Try it: Where the listing below has a line with "One 1934A $20", write out exactly that line and every line after it, stopping after the line with "стойка, верхний душ".

Source data:
============

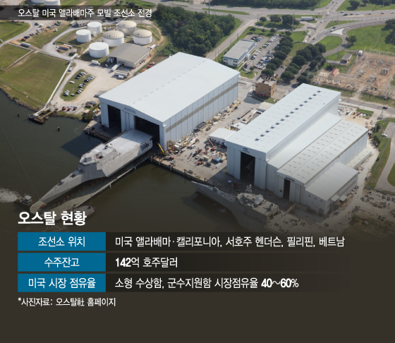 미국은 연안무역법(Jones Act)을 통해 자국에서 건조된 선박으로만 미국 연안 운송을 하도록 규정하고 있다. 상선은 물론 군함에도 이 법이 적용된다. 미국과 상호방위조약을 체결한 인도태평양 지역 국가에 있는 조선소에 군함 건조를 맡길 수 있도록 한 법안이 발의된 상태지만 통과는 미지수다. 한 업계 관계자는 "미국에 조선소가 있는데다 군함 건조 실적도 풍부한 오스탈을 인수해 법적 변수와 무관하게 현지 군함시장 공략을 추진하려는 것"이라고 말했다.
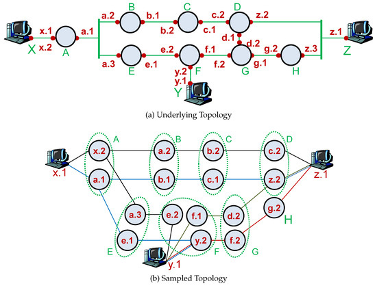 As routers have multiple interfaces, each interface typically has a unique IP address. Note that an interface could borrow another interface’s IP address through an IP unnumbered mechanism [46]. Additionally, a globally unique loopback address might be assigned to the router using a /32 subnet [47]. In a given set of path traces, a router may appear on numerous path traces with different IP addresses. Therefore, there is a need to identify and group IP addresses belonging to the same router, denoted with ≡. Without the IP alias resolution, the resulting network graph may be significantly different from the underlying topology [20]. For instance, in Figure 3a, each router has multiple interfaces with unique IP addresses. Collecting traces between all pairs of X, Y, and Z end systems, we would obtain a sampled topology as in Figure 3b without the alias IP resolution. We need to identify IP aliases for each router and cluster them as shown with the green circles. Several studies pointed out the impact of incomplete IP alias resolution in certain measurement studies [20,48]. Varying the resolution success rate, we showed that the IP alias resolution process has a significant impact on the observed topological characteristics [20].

============

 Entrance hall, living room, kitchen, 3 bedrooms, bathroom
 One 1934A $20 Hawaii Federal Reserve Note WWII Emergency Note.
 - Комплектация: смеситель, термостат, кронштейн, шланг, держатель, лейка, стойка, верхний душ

============

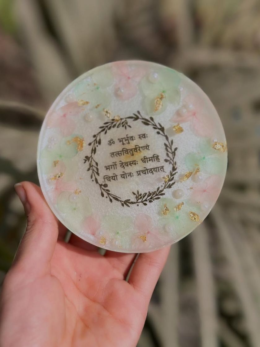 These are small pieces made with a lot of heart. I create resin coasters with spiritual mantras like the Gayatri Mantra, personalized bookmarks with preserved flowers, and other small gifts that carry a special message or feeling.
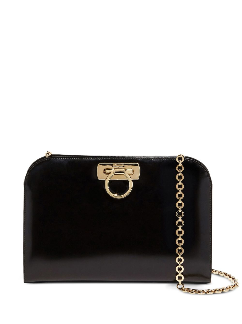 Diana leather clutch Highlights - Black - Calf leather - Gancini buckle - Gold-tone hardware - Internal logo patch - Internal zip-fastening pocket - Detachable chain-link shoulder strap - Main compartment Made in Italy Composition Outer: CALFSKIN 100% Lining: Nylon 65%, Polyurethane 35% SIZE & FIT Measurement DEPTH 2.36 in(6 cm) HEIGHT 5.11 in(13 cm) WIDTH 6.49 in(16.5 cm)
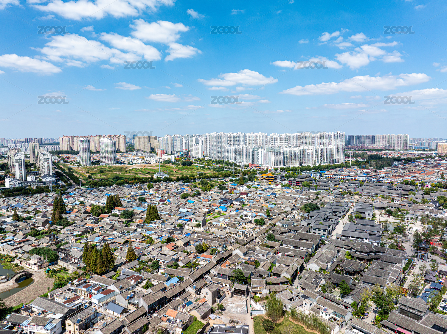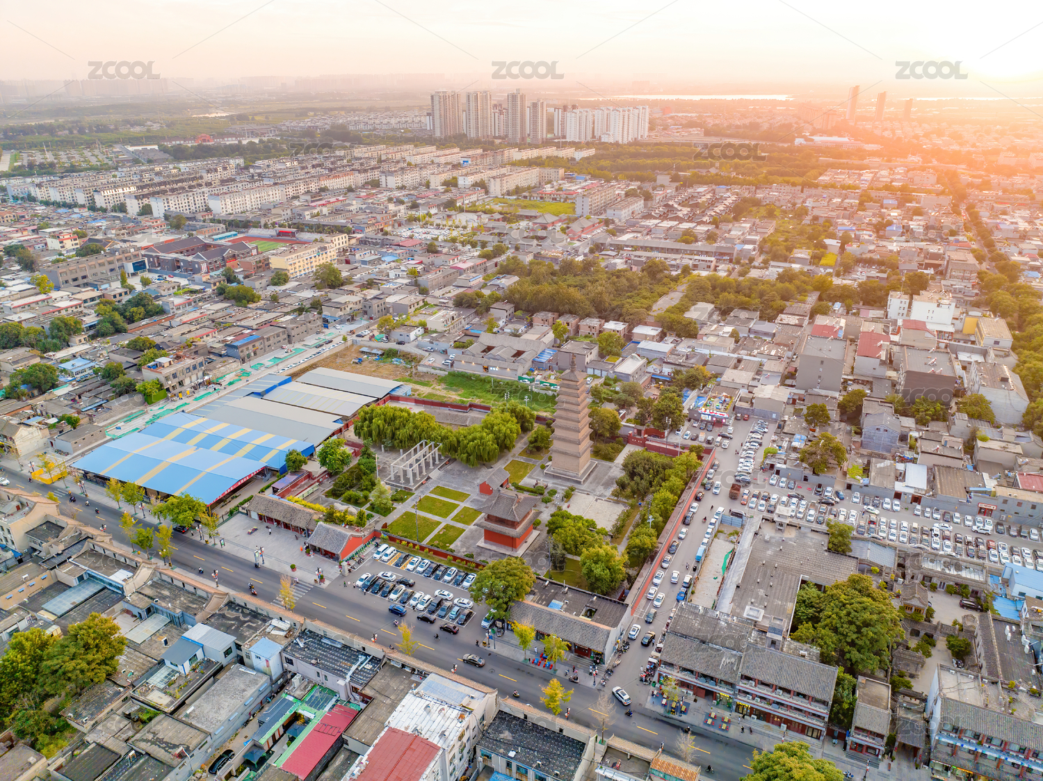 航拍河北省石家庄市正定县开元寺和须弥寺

============

Worked solution:
 One 1934A $20 Hawaii Federal Reserve Note WWII Emergency Note.
 - Комплектация: смеситель, термостат, кронштейн, шланг, держатель, лейка, стойка, верхний душ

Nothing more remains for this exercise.